* _WORK INSTRUCTIONS_: Retype the whole listing exactly. Leave out pictures.

* _SUPPLIED MATERIAL_:
=== Section Start ===

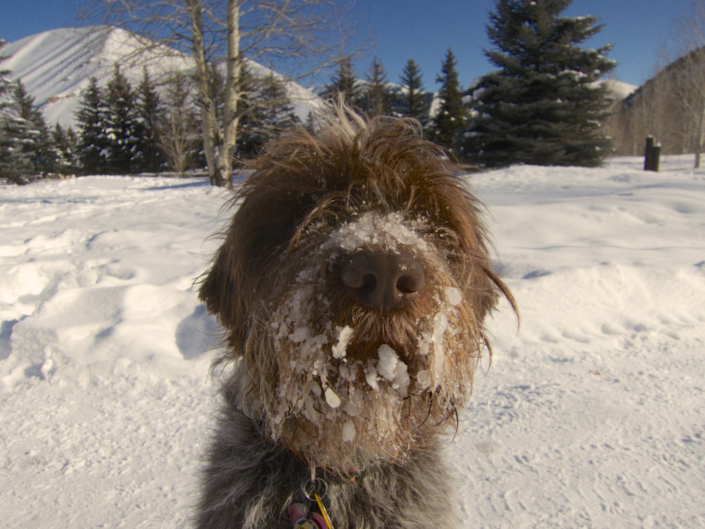 My in-laws have what might be called a mini-ranch. In the summer there are horses, but in the winter all that is left is their two dogs and one cat. The three of them manage to amuse us with both their energy and their playfulness. The dogs love to go on hikes outside, even in the cold weather. Doesn’t Solo look happy?
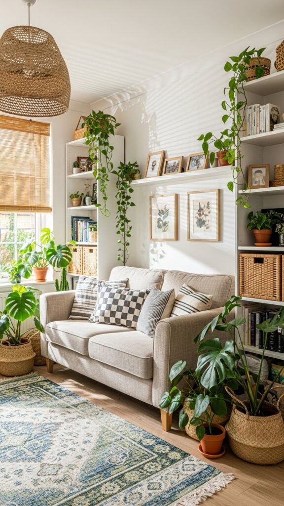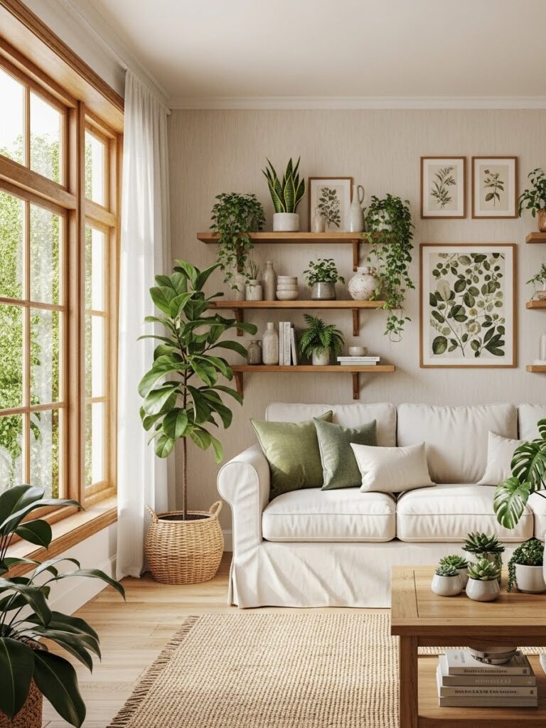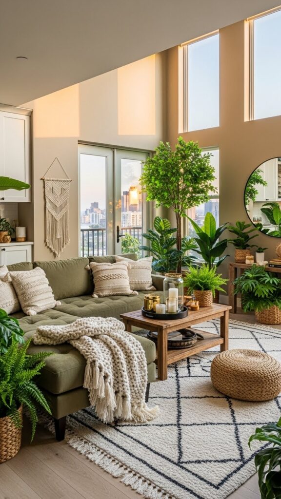You can achieve biophilic living room designs in an apartment. Use vertical space.
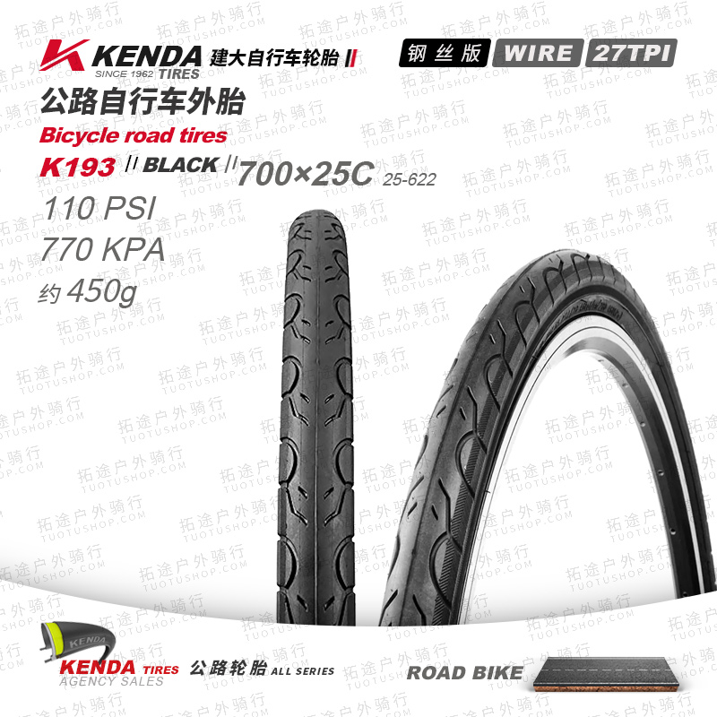 建大K193/公路车外胎/钢丝版/700C系列/27TPI
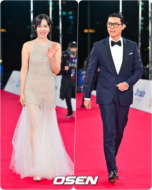 Particularly notable was the attendance of Hyun Bin and Son Ye-jin as a couple. Both were nominated for Best Actor and Best Actress, respectively. Matching the interest, the couple graced the finale of the red carpet event before the awards ceremony. Hyun Bin appeared first in a navy suit with a bow tie and glasses, and Son Ye-jin followed, showcasing her figure in a halter-neck design with mithril embellishments and a mermaid line chassé skirt, reminiscent of a short haircut like the Hime cut.

=== Section End ===

* _RESPONSE BOX_:
 My in-laws have what might be called a mini-ranch. In the summer there are horses, but in the winter all that is left is their two dogs and one cat. The three of them manage to amuse us with both their energy and their playfulness. The dogs love to go on hikes outside, even in the cold weather. Doesn’t Solo look happy?
You can achieve biophilic living room designs in an apartment. Use vertical space.
 建大K193/公路车外胎/钢丝版/700C系列/27TPI
 Particularly notable was the attendance of Hyun Bin and Son Ye-jin as a couple. Both were nominated for Best Actor and Best Actress, respectively. Matching the interest, the couple graced the finale of the red carpet event before the awards ceremony. Hyun Bin appeared first in a navy suit with a bow tie and glasses, and Son Ye-jin followed, showcasing her figure in a halter-neck design with mithril embellishments and a mermaid line chassé skirt, reminiscent of a short haircut like the Hime cut.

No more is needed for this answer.